Identification of clonal replicates
The filtered GBS dataset was characterized by 127,282 SNPs in 218
accessions. Principal component analysis (PCA) and application of
genetic similarity threshold criteria to identify clonal replicates (see
Methods; Supporting Information, Fig. S1) revealed a large number of
genotypically identical accessions (Supporting Information, Table S1).
For the coarse-textured P. vaginatum ecotype, only 12 unique
genotypes were detected among the 148 accessions, with just three
widely-distributed genotypes accounting for >85% of the
accessions. This indicates that extensive clonal propagation occurs in
wild populations of this ecotype. Somewhat greater genotypic diversity
was found in the fine-textured ecotype, but extensive clonality was
still present; 24 unique genotypes were identified in 55 accessions.
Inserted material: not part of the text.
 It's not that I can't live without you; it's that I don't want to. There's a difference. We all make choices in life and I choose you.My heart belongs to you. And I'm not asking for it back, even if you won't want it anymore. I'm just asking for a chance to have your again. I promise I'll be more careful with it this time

Four out of eight genotypes in the wild-collected fine-textured
accessions were represented by multiple clonal replicates. For P.
distichum , there were four unique genotypes in the collection of 15
accessions, two of which were unique to our wild collections. The final
SNP dataset for all genotypically unique samples across both species,
including wild-collected and USDA samples, totaled 40 genotypes (Table
1). Together these results suggest that clonal propagation occurs
extensively in wild P. vaginatum and P. distichumpopulations.